Theory & Research in Social Education (TRSE) with guest editors Wayne Journell & Paul Fitchett

The purpose of Theory & Research in Social Education is to disseminate high-quality empirical research about K-12 social studies education, preservice social studies education, and other topics related to civic/social education and historical understanding. The audience for TRSE typically consists of scholars of social studies education and educational policymakers. Submission requirements for TRSE can be found at https://www.tandfonline.com/action/authorSubmission?journalCode=utrs20&page=instructions

Any questions related to TRSE can be directed to Dr. Wayne Journell, Editor (associate professor, University of North Carolina at Greensboro, awjourne@uncg.edu)

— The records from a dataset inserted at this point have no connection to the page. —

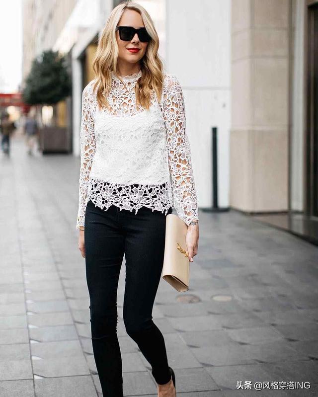 除了以上很透的上衣,对于微透上衣就可以直接单穿搭配下装,但是微透上衣内衣必须穿同色系颜色,不然会显得很廉价没质感,如图微透上衣搭配半裙,很有职场女性的行头,图二也是半透上衣,搭配破洞牛仔裤与高跟鞋,干净利落有气质.
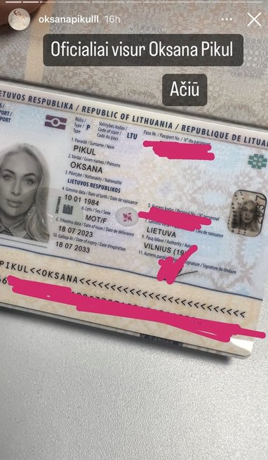 Su krepšininku Simu Jasaičiu (41 m.) besiskirianti dainininkė ir verslininkė Oksana Pikul (39 m.) turi kuo pasidžiaugti – ji oficialiai pasikeitė pavardę ir rankose laiko naujus asmens dokumentus.
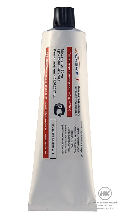 Паста для УЗ-контроля I-Скан Т предназначена для обеспечения хорошего акустического контакта между ультразвуковым датчиком и горячей контролируемой поверхностью притемпературах до +170 °С.
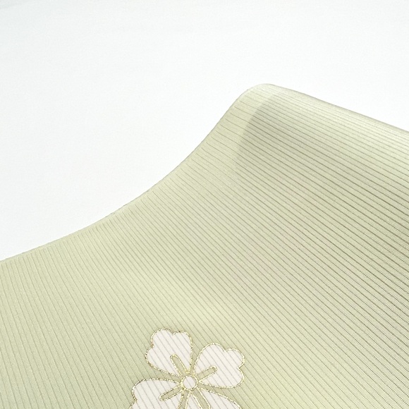 伊と幸の上質な重めの駒絽を鶸色に染め、花菱文様を配した夏の付下げです。

Journal of Social Studies Research with guest editor William B. Russell III

The Journal of Social Studies Research (JSSR) is an internationally recognized peer-reviewed journal designed to foster the dissemination of ideas and research findings related to the social studies. JSSR is the official publication of The International Society for the Social Studies (ISSS). JSSR is published four times per year (winter, spring, summer, & fall). Find more: https://www.journals.elsevier.com/the-journal-of-social-studies-research/

Oregon Journal for the Social Studies (OJSS) with guest editor Kenneth Carano

The Oregon Journal of the Social Studies is a peer-reviewed, electronic journal that provides an outlet for P-16 social studies research, best practices, lesson plans, & reviews. The OCSS is currently issuing a call to submit manuscripts for a special issue on Ethnic and Indigenous Studies in Social Studies Education. Additionally, we welcome inquires on special issues. You can contact the editor, Ken Carano, at caranok@wou.edu.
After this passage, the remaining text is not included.